Cynthia ke Sapne / The Dreams of Cynthia by Pallavi Paul

Screening and discussion: Pallavi Paul and Ranjani Mazumdar

8 September 2018

 

The three-channel video installation, Cynthia Ke Sapne / The Dreams of Cynthia (2017) chases the inner life of its primary protagonist. Cynthia is at once imagined as a literary character, a measure of time, a form of experience and a landscape. She also bears witness to the lives of two people – an executioner and a trans-artist whose lives are intertwined within a small town in North India and with each other through an informal history of labour, violence and death.

 

In conversation with a contemporary Hindi poem of the same name by poet Anish Ahluwalia, the work levitates on the surface of language, identity and memory. Freed from the imperatives of producing experience as evidence Cynthia uses poetry as atmosphere. At once an accidental encounter and a long-deferred meeting, she invites you to a world where nothing is to be found out, but much is to be discovered. Another name for the moon, Cynthia is sometimes spotted outside the window as stories of a city slowly tumble in.

 

 

Pallavi Paul’s practice is about speculating on the stake of poetry in the contemporary. She works primarily with video and the installation form to test the contours of fantasy, resistance, politics and history. The idea is to think about the relationships between truth-making and world-making. Paul is also pursuing a PhD at Jawaharlal Nehru University. Her work has been shown at the AV festival in Newcastle, Contour Biennial, Tate Modern (project space), The Garage Rotterdam, Cinema Zuid, Close Up Cinema, Open Source Festival, Edinburgh Art Festival, Dr. Bhau Daji Lad Museum, Whitechapel Gallery, KHOJ International Artists’ Association.

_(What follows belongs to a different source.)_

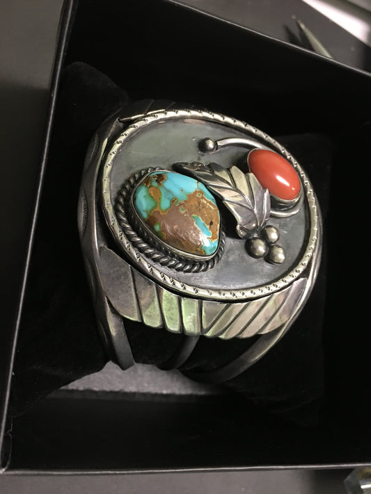 Coral and Turquoise Vintage Cuff Bracelet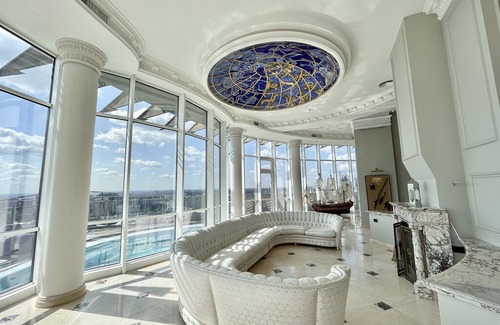 This luxurious bi-level penthouse with a unique interior design is located in the historic center of Kiev, within walking distance from the main square. On the 1st floor you can spend time with your friends near the fireplace enjoying the circular view of the city or watch your favorite movie in your private theater. In the evening you can swim in the warm water pool where no one will see you. In the beautiful and stately wood-finished cabinet you will be able to hold a business meeting with your partners in the warmth of the dim light with a bottle of red wine. On the second floor are four bedrooms with beautiful city views and expensive fittings. This apartment is well worth the effort to plan a trip with family or friends.

Her films have screened at Experimenta, TENT, Beirut Art Centre, Mumbai Film Festival, 100 years of Experimentation in Film and Video (organized by Films Division).

 

Ranjani Mazumdar is Professor of Cinema Studies at the School of Arts & Aesthetics, Jawaharlal Nehru University. Her publications focus on urban cultures, popular cinema, gender and the cinematic city. She is the author of Bombay Cinema: An Archive of the City (2007) and co-editor with Neepa Majumdar of the forthcoming Wiley Blackwell Companion to Indian Cinema. She also works as a documentary filmmaker and her productions include Delhi Diary 2001 and The Power of the Image (co-directed). Her current research focuses on globalization and film culture, and the intersection of technology, travel, design and colour in 1960s Bombay cinema.